- Nic nie wyjaśniliśmy. Nic nie wyjaśniliśmy z WWN. Wiecie, co mi powiedział Aksel?
- Co? - z cieniem zmęczenia i strachu popatrzyłem na Mundusa.
- Powiedział, że czas naszego układu dawno minął... że Lerka będzie dla niego idealną partnerką. A ja, dobrym doradcą.

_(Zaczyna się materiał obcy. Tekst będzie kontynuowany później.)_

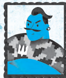
Незгамовний дух бібліотеки Бука

Я — дух бібліотеки Бука. Май на увазі: моє ім'я офіційно пишеться на англійський манер «Book-A». Та менше з тим! У житті головне не ім'я, а бути у центрі подій! Обожаю всілякі «активності», «екологічність» і дискусії, а ще впертюхів, які шукають відповіді та твердо стоять на своєму.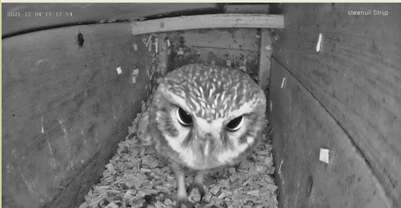
Big Brother is watching you!

Sinds kort kunt u weer live meekijken in verschillende uilenkasten in onder andere Leenderstrip. Ga naar www.steenuilennu.nl voor een glimp in de kast. Vanaf april zullen de eerste steenuiltjes gaan broeden. De bosuilen zitten nu al op hun jongen. Genoeg te zien dus!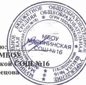
График работы учителя - логопеда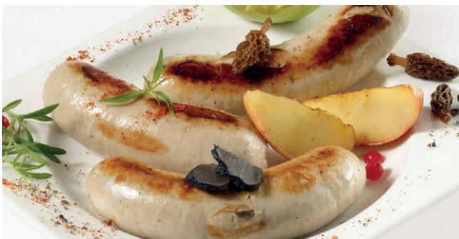
BOUDIN BLANC "GRAND HERMINE" I X18.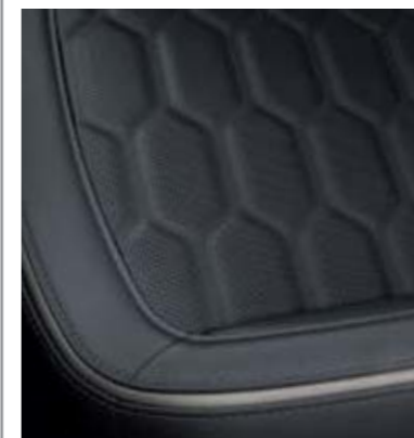
Tapicerka skórzana Lux w kolorze Charcoal Black (Standard w wersjach Vignale oraz Vignale Hybrid)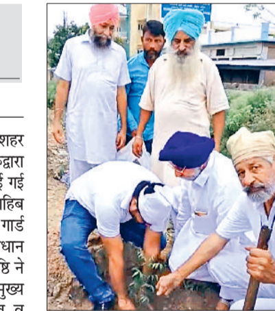
पौधारोपण करते मंच के पदाधिकारी।

सेवा सभा खुद करेगी पौधों की देखभाल हरिभूमि न्यूज अंबाला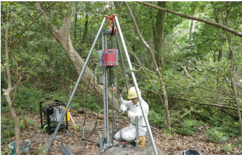
PENNYによるサンプリング1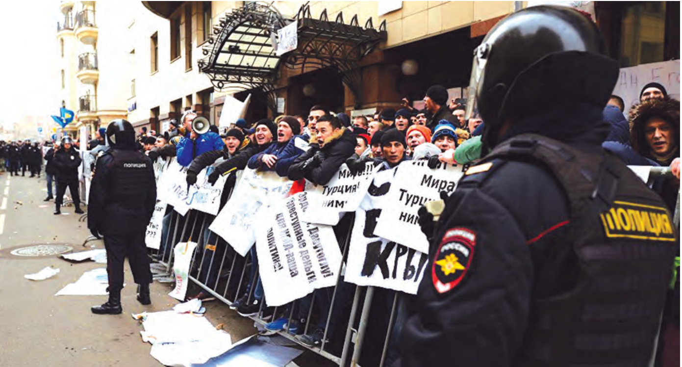
မော်စကိုမြို့တော်ရှိ တူရကီသံရုံးရှေ့တွင် ရုရှားပြည်သူများက တူရကီနိုင်ငံကို ဆန့်ကျင်ကန့်ကွက်နေစဉ်။

သုခ ရောင်ရွေးခဲ့သော်လည်း မိမိတို့၏ပိုင်နက်နယ်မြေကို ကာကွယ်ပိုင်ခွင့်ရှိကြောင်း တူရကီသမ္မတ အာဒိုဂန်က ပြောကြားသည်။ အမေရိကန်သမ္မတ ဘားရက်အိုဘား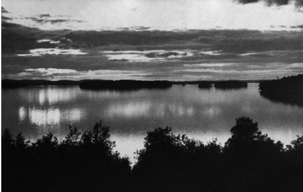
Simpelejärvi, Koitsanlahti, Parikkala (1932).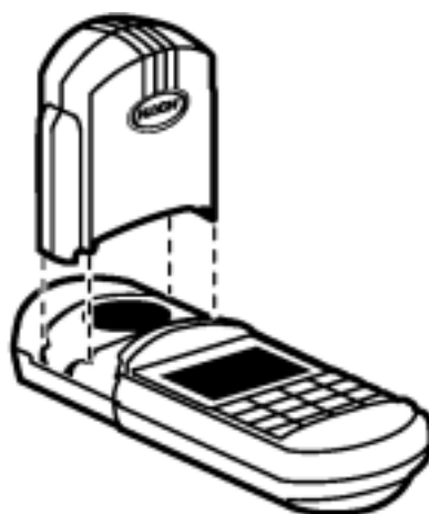
图 8 安装遮光器

为了在测试实验时使用仪器罩作为遮光器,应将仪器罩放在样品池上,并插入仪器上的凹槽。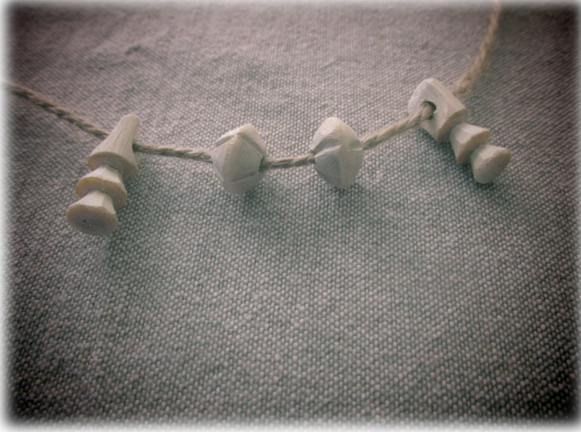
Şekil 7. Nazara Karşı Kullanılan Çaltı Boncuk Örneği6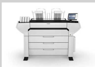
ColorWave 3000 Series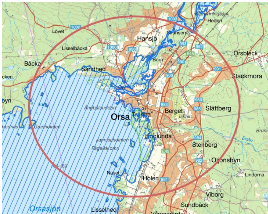
Karta över Orsa med områden som ligger under vatten vid ett 100-årsflöde i blått/randigt.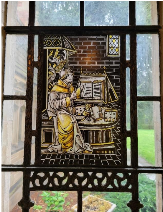
▲ Sterling Memorial Library 內玻璃窗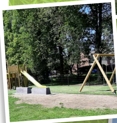
Meerkoet | Noorden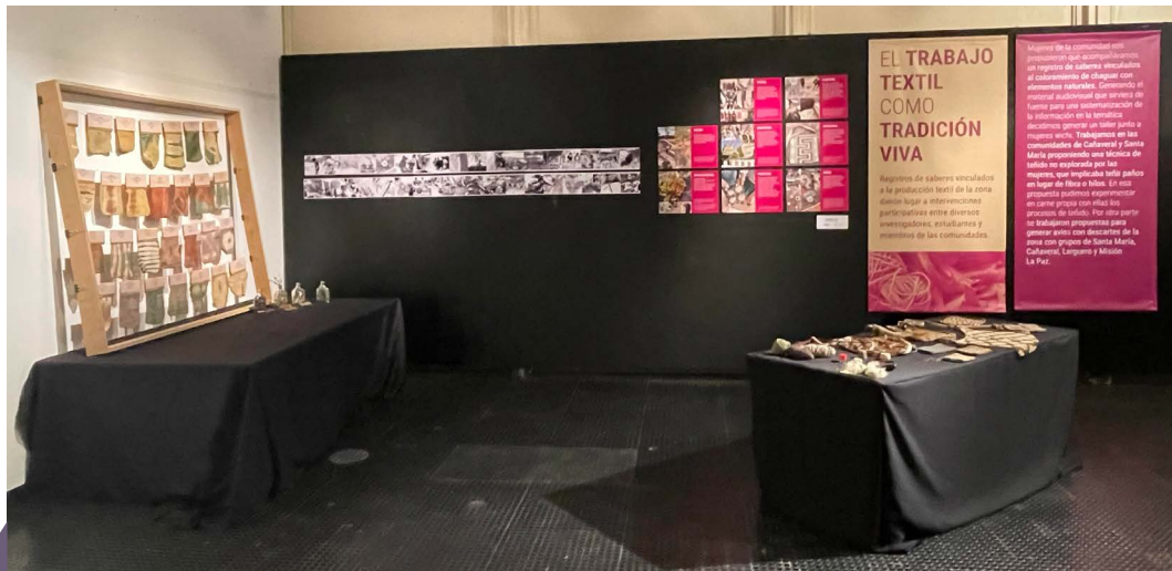
Figura 3. Representación de la temática textil y visualización de la guarda fotográfica en territorio. Foto: Agudín, 5 de junio 2023, Sala Baliero, FADU UBA.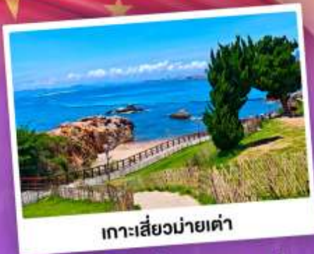
เกาะเสี่ยวมายเต่า

เที่ยวชิงเต่า เมืองทะเลสุดชิล ครบทั้งกิน เที่ยว ถ่ายรูป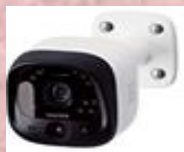
モニター付き屋外カメラ (監視+犯行を思いとどまらせる)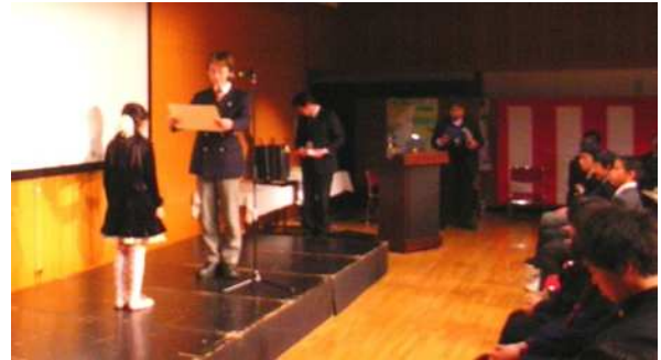
それぞれの賞に相応しい作品が選ばれました。どれも素晴らしい作品でした。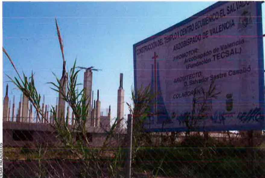
Les obres del centre ecumènic d'Oliva van quedar aturades gairebé des de bon començament, l'any 1998, tot i haver-hi esmerçat vora 5 milions d'euros.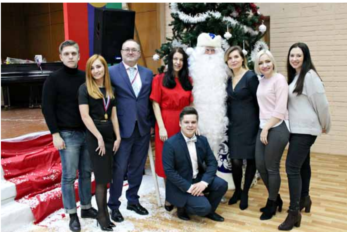
Коллектив Прионежского РЦК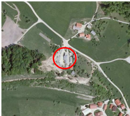
Slika 3: širši prikaz v prostoru – digitalni ortofoto posnetek (vir: www.geopedia.si )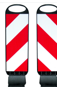
Tornado 50-Flex strisce verso destra e sinistra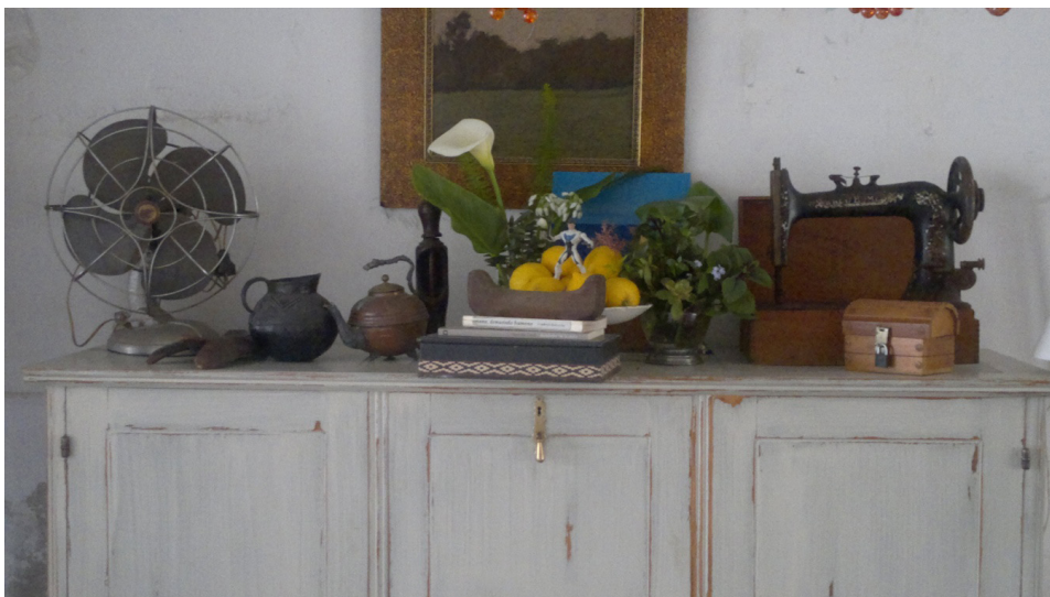
“El Héroe cuir /huir/ en barco de limones”. Escenografía casera, mae.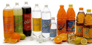
Figura 19. Bebidas refrescantes

Cuando son ingeridas ocasionalmente y con moderación, las bebidas refrescantes pueden considerarse inocuas, contrariamente a lo que sucedería cuando su uso excesivo supera dicha recomendación moderada, lo cual puede conducir al consumo innecesario de aditivos y de energía sobrante. Es importante recalcar que la única y verdadera bebida refrescante es el Agua potable.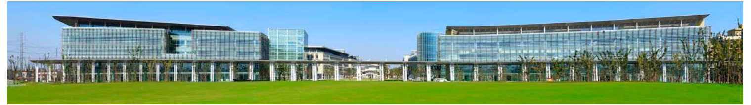
↑ 图 新校区南立面

会议明确了下一阶段的工作重点，还就设计和审图、施工和监理、档案管理和工程结算及学校二次装修项目急需办理单独报建等事项进行了讨论和部署。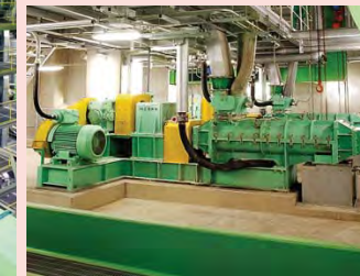
飛灰処理設備 二軸練機 Fly ash treatment system 2-shaft solidifier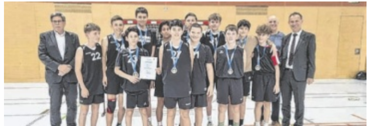
Und die Burschen waren im Basketball erfolgreich.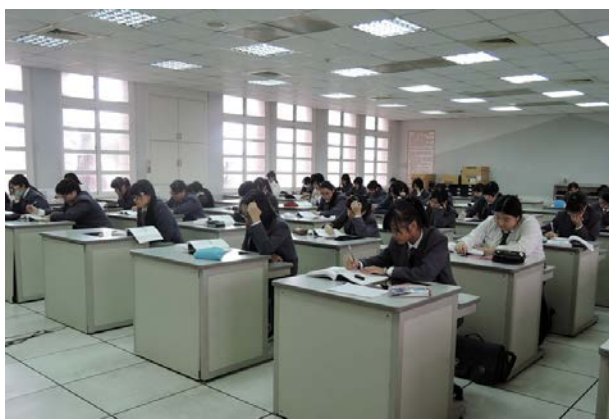
(丙級檢定試題演練，全力以赴)

人生要你彎彎曲曲走些岔路，必定有它的道理存在，就看各位能否在這美麗的錯誤中發現最不平凡的人與風景，創造最豐富的一頁。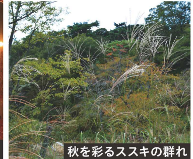
秋を彩るススキの群れ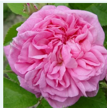
La Ville de Bruxelles

roze - historische, alba-roos 120-180 cm zeer sterk, de tuin vullende geur roos - vol, klassiek rozenaroma James Booth

Lerka westchnęła z grozą. Ptak wbił wzrok w ziemię.
- Ani Lerka, ani ty, nigdzie nie idziecie - odpowiedziałem pewnie.
- A ciebie, Berylu... się zamknie. Albo, ewentualnie zlikwiduje.
- Co...?
- Na postrach społeczeństwu. Wiem, że cudzym losem łatwo się rozporządza...
- Nie ma mowy! - krzyknęła Eclipse - co on sobie mysli? Może i znają nasze tajemnice wojskowe, ale najważniejsze jest chyba samo wojsko, czyż nie? - a wojsko jeszcze mamy.
- Tak... teraz trzeba tego wojska pilnować, żeby... bo jak któryś z szeregwców sam w lesie będzie, to łatwo go złapać, albo gardło gdzieś poderżnąć... - westchnął ptak.
Dalej szliśmy, nie wypowiedziawszy nawet słowa.